Majority shareholders of TikTok Global would include several US investors, including Oracle and Walmart. TikTok Global would be an independent US-based company headquartered in the US. Meanwhile, four out of five directors of TikTok Global would be US citizens.

TikTok Global was said to create over 25,000 new jobs in the US and contribute over $5 billion in taxes to the US government budget.

Project Texas

In June 2022, after long-standing pressure from the US government, TikTok began routing all user data in the US to Oracle's cloud infrastructure.

Oracle then began reviewing TikTok's algorithms and content moderation models to ensure there was no manipulation from Chinese authorities.

This move was part of Project Texas, a $1.5 billion plan aimed at reassuring US citizens that TikTok is safe, their data is secure, and the platform is free from outside influence. The project's name refers to Oracle's headquarters in Texas.

TikTok had been preparing Project Texas for over a year by separating its backend operations and code in the US.

Biden Administration Actions

The Biden administration sought to regulate TikTok and banned the app from government devices in February 2023.

In March 2023, TikTok CEO Shou Zi Chew appeared for the first time in a hearing before members of parliament. He testified and defended the company, requesting a suspension of the ban imposed by the US government.

At that time, Chew repeatedly denied TikTok's relationship with the Chinese government and referred to TikTok's data security practices, which he claimed were unprecedented compared to unnamed social media competitors.

However, members of the House Energy and Commerce Committee supported a full ban of the app in the US.

State-Level TikTok Bans

In May 2023, Montana became the first US state to sign a law banning TikTok.

This occurred as several other Republican-controlled states had banned TikTok on government-issued devices, but Montana was the first state to impose a total ban on the app.

New Rules Passed, TikTok Faces Blocking

Congress continued to discuss a bill that could hobble TikTok.
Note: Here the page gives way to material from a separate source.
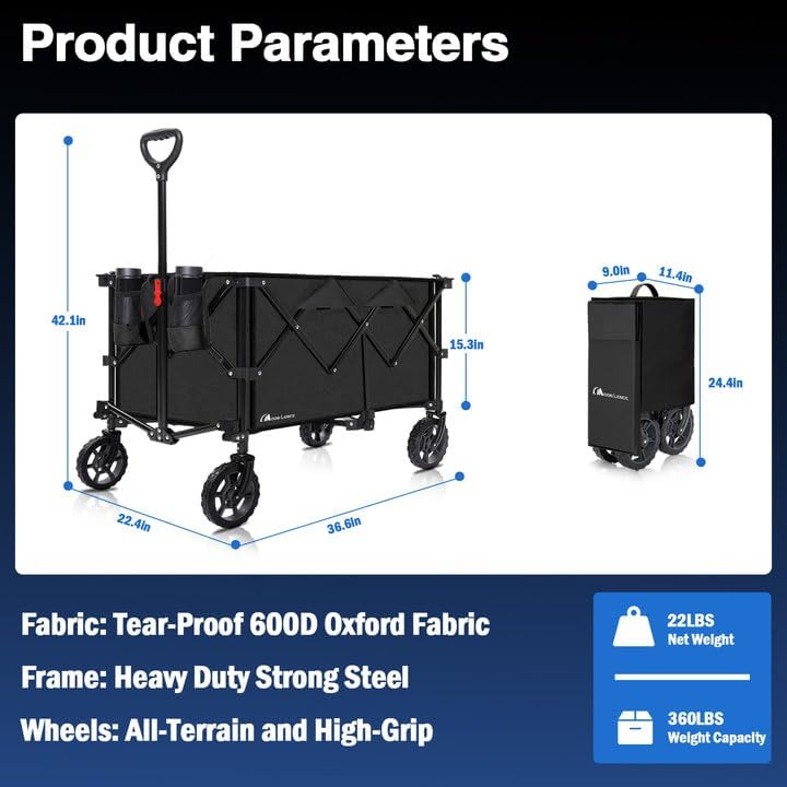 - Heavy-Duty Build: The alloy steel frame supports up to 360 lbs; Made with durable, waterproof 600D Oxford fabric that's easy to clean and built to last—ideal for your beach wagon needs
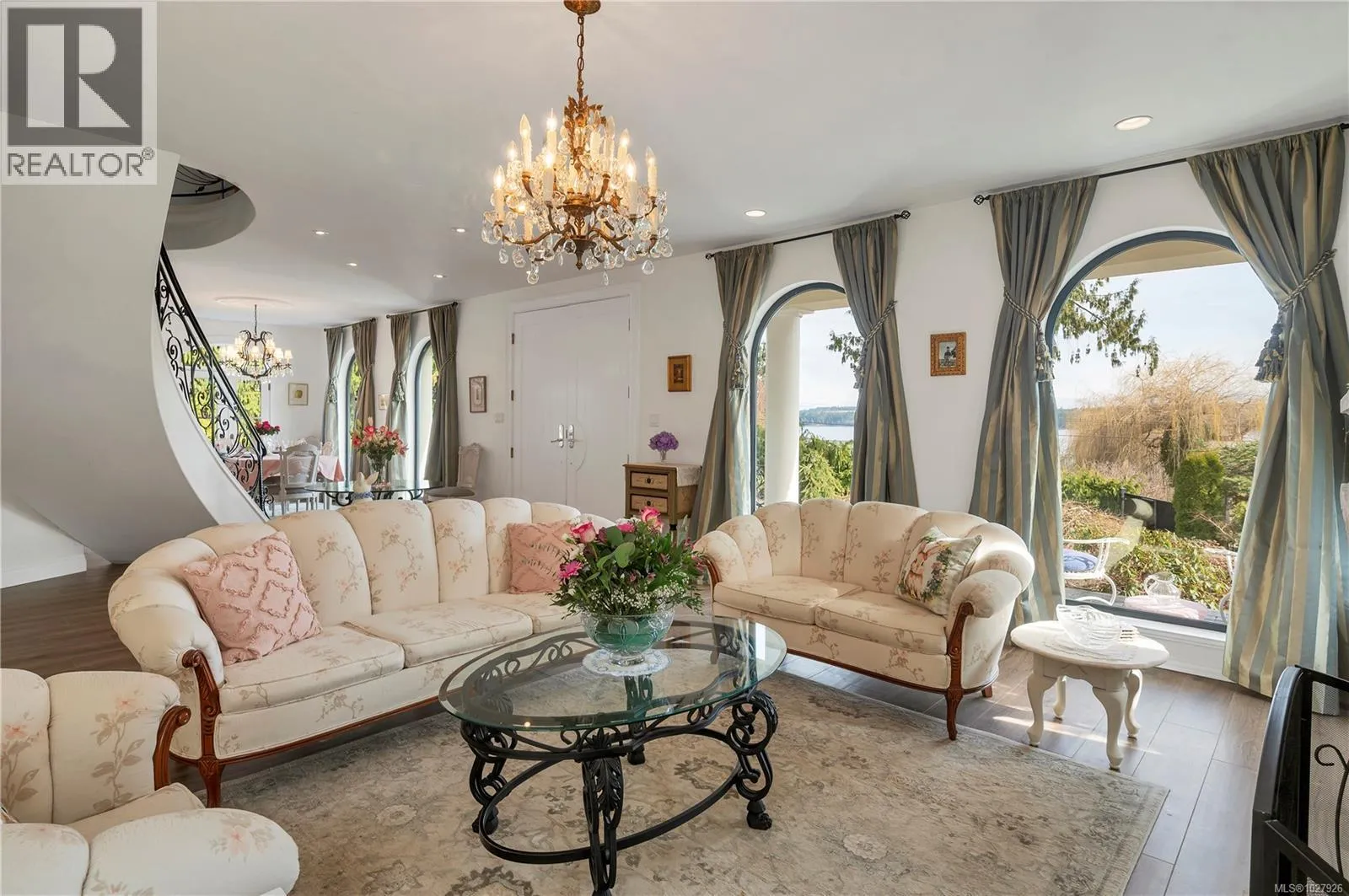 Beautiful ocean view country estate nestled near the heart of Union Bay! This unique home boasts French colonial architecture and custom features throughout. From imported wrought iron railings and gates, to floor to ceiling coved windows & complementary lighting fixtures, every inch of the home has been thoughtfully built and curated. Entering the home through the covered front

A House committee unanimously voted last week to advance a bipartisan bill that would force ByteDance to divest its ownership of the TikTok app within 165 days.

And the rule has now been passed. Reuters reported that the content of the bill passed by the US House of Representatives Congress requires ByteDance, the Chinese company that owns TikTok, to divest their shares in TikTok within the next 6 months.
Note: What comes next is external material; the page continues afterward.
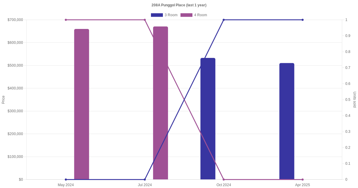 There were a total of 13 resale transactions in the last 3 years for units in block 208A Punggol Place, with the latest one recorded in Jul 2025.
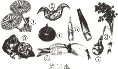 10. (新情境)苏州湿地资源丰富,可食用的水生植物中,最出名的是“水八仙”,如图所示。以下植物与其可食用部位对应错误的是(

The bill was passed with the support of the two largest parties in the US, Democrats and Republicans, with a vote of 352-65. However, the regulation could potentially face obstacles in the US Senate. According to Reuters, some members of the US Senate prefer a different approach regarding TikTok's threat to US national security.

"We are working hard to educate the Senate on the impact of this bill on over 170 million US users of our services. Our strategy remains the same; we believe that the best way to address national security concerns is through transparent, US-based user data protection," TikTok management said in an internal memo quoted by Reuters.

The fate of TikTok is under scrutiny in Washington DC. Several members of the US Congress have stated that their offices have been inundated with calls from teenage TikTok users opposing the regulation. Complaints about TikTok even outnumbered calls for a ceasefire in Gaza.

"The process is very secretive, and this law is being enforced for one reason, to block," a TikTok spokesperson said.

TikTok is one of several targets of the US government in their efforts to contain what they perceive as China's threatening influence on national security. Other targets include IoT technology in motor vehicles, AI chips, and giant cranes in US ports.

Senator Maria Cantwell, who chairs the Senate Commerce Committee, stated that she wants to ensure that the regulations passed can withstand legal challenges.